■ **BRIEF**:
The answer should hold only the lines from the beginning of the listing below to the line containing "回复暗号:计算机行业Toke", both included, with every picture left out.

★ ★ ★ ★

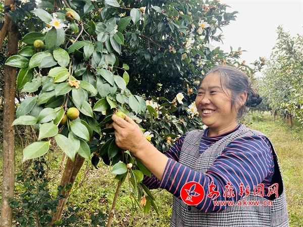 “今年在這個(gè)園子里從正月份干到現(xiàn)在,大概有30000多塊錢工資。這兩天在茶園里撿茶果150元一天,再過幾天園子里還割草,活還很多,活還好做、輕松。”村民余祖錄樸爽朗的笑聲和自豪的夸贊聲給這個(gè)靜謐的村子孕育了無限生機(jī)。陽光仍盛,他手中的活兒還未停歇,天高云淡風(fēng)輕,抬眼可望的勝雪油茶花勾勒出了一幅美好的山鄉(xiāng)“豐”景圖。
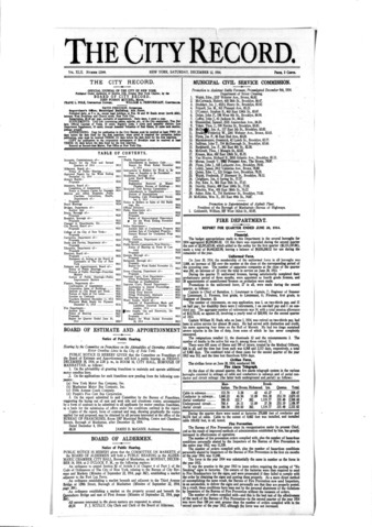 The City Record newspaper publishes notices which includes but is not limited to: public hearings and meetings, public auctions and sales, solicitations and awards and official rules proposed and adopted by city agencies. This is the City Record Newspaper for December 12, 1914 with supplement.
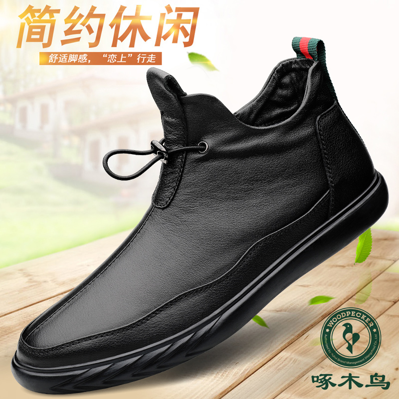 Woodpecker men's shoes, winter business leather high-top leather shoes, men's wool fleece warm short leather boots, dad cotton shoes
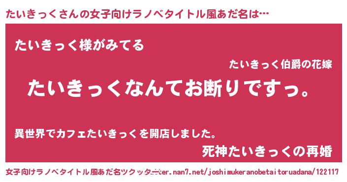 | 男性向けラノベタイトル風あだ名 | 『魔法科高校のたいきっく』 |
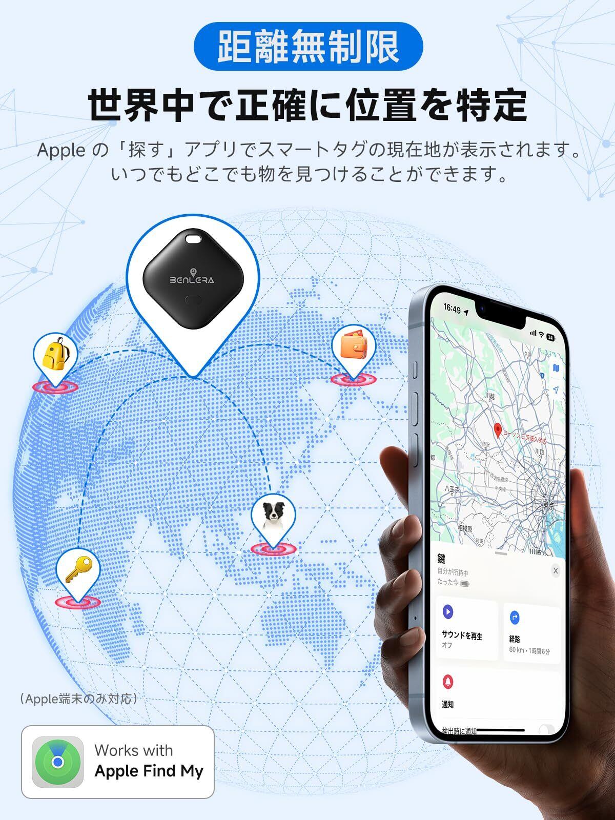 Benlera エアタグ 紛失防止タグ スマートトラッカー【業界最小型&GPS全球超強信号】
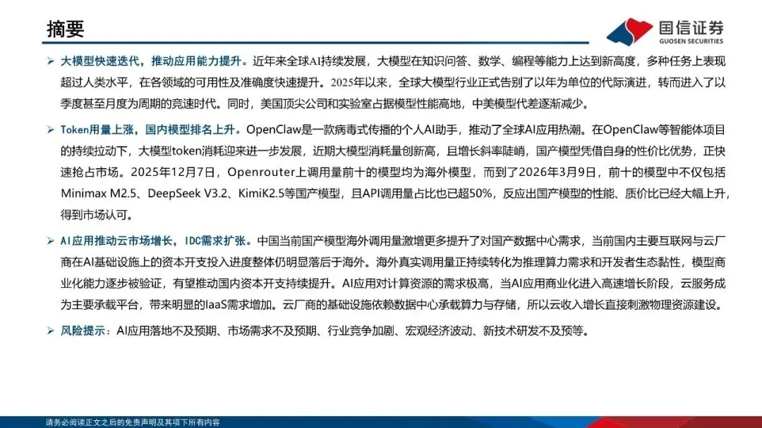 回复暗号:计算机行业Token出海专题报告:国产模型抢占市场,IDC需求迅速扩张-260314-国信证券-33页
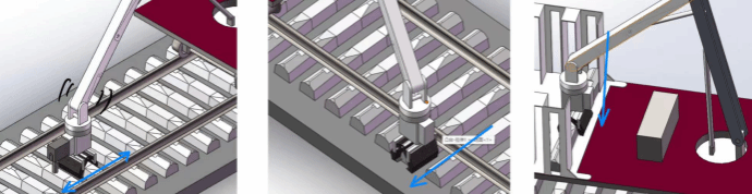 (c)板车方向机械臂的极限工位 (d)轨道方向的机械臂极限工位
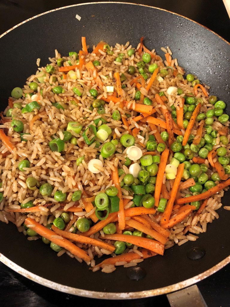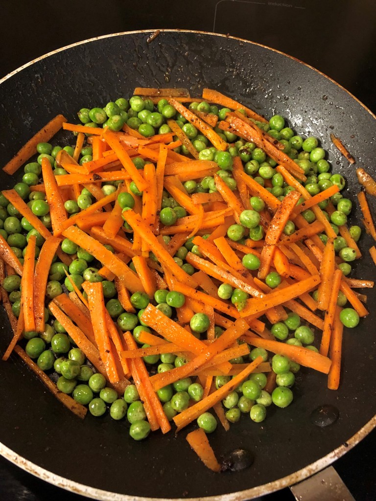 - Keep the frying pan on the heat and add the carrot and peas. They will soak up all the lovely sauce that’s left over from the tofu.
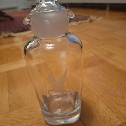 Glasflaska med ingraverat motiv av ett segelfartyg. Flaskan är fyrkantig med en glaspropp och har en höjd på cirka 25 cm. Flaskan är genomskinlig och tillverkad i glas. Fartygsflaggan är den svenska flaggan.
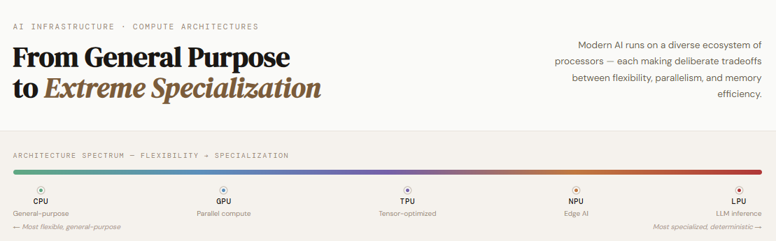 Emerging innovations like Groq’s LPU further push the boundaries, delivering significantly faster and more energy-efficient inference for large language models. As enterprises shift from general-purpose computing to workload-specific optimization, understanding these architectures has become essential for every AI engineer.

★ ★ ★ ★

■ **RESPONSE**:
 “今年在這個(gè)園子里從正月份干到現(xiàn)在,大概有30000多塊錢工資。這兩天在茶園里撿茶果150元一天,再過幾天園子里還割草,活還很多,活還好做、輕松。”村民余祖錄樸爽朗的笑聲和自豪的夸贊聲給這個(gè)靜謐的村子孕育了無限生機(jī)。陽光仍盛,他手中的活兒還未停歇,天高云淡風(fēng)輕,抬眼可望的勝雪油茶花勾勒出了一幅美好的山鄉(xiāng)“豐”景圖。
 The City Record newspaper publishes notices which includes but is not limited to: public hearings and meetings, public auctions and sales, solicitations and awards and official rules proposed and adopted by city agencies. This is the City Record Newspaper for December 12, 1914 with supplement.
 Woodpecker men's shoes, winter business leather high-top leather shoes, men's wool fleece warm short leather boots, dad cotton shoes
 | 男性向けラノベタイトル風あだ名 | 『魔法科高校のたいきっく』 |
 Benlera エアタグ 紛失防止タグ スマートトラッカー【業界最小型&GPS全球超強信号】
 回复暗号:计算机行业Token出海专题报告:国产模型抢占市场,IDC需求迅速扩张-260314-国信证券-33页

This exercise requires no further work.